### Your assignment
The lines below starting at the line containing "有色金属昨天窄幅震荡,5天线" and ending at the line containing "Vishal Prints Dark" are to be repeated exactly, with both ends kept and nothing else added.

►

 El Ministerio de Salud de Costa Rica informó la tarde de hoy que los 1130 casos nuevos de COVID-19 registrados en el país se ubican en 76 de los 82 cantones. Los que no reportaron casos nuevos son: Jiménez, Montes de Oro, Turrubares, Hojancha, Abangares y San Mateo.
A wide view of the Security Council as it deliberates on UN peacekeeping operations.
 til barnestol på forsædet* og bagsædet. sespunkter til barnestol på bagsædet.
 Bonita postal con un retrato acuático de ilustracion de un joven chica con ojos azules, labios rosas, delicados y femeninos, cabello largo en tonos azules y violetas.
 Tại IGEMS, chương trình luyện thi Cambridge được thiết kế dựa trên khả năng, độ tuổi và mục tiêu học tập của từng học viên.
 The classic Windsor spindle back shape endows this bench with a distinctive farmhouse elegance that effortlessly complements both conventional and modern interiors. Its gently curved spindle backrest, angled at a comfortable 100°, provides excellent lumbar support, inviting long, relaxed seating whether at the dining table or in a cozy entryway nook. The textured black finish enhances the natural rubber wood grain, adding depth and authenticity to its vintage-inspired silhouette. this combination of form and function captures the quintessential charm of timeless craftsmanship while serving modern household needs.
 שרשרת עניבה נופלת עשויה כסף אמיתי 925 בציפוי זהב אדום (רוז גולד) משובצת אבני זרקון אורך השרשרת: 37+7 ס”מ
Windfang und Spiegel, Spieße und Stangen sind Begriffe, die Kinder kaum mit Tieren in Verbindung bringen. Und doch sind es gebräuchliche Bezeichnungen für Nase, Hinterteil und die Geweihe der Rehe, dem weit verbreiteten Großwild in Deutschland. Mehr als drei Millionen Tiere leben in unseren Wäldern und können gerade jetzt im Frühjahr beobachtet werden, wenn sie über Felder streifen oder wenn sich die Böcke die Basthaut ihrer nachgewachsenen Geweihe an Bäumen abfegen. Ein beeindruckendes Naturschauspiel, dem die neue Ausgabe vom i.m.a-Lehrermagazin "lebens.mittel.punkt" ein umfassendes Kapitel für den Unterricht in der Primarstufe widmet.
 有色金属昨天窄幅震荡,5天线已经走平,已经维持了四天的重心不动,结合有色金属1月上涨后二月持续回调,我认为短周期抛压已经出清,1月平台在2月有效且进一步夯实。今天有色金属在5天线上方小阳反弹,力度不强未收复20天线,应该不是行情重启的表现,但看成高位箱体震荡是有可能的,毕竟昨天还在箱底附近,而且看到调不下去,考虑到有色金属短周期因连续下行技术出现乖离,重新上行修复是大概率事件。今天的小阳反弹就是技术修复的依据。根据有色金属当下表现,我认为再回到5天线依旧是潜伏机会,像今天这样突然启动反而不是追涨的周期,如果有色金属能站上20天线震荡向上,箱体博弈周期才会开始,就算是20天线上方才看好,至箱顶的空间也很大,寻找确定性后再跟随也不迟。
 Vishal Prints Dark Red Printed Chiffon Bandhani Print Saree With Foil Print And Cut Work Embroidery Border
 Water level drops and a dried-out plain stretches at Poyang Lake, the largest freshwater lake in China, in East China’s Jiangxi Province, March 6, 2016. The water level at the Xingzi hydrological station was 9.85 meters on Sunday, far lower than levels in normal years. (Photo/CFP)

◄

### Exercise response
 有色金属昨天窄幅震荡,5天线已经走平,已经维持了四天的重心不动,结合有色金属1月上涨后二月持续回调,我认为短周期抛压已经出清,1月平台在2月有效且进一步夯实。今天有色金属在5天线上方小阳反弹,力度不强未收复20天线,应该不是行情重启的表现,但看成高位箱体震荡是有可能的,毕竟昨天还在箱底附近,而且看到调不下去,考虑到有色金属短周期因连续下行技术出现乖离,重新上行修复是大概率事件。今天的小阳反弹就是技术修复的依据。根据有色金属当下表现,我认为再回到5天线依旧是潜伏机会,像今天这样突然启动反而不是追涨的周期,如果有色金属能站上20天线震荡向上,箱体博弈周期才会开始,就算是20天线上方才看好,至箱顶的空间也很大,寻找确定性后再跟随也不迟。
 Vishal Prints Dark Red Printed Chiffon Bandhani Print Saree With Foil Print And Cut Work Embroidery Border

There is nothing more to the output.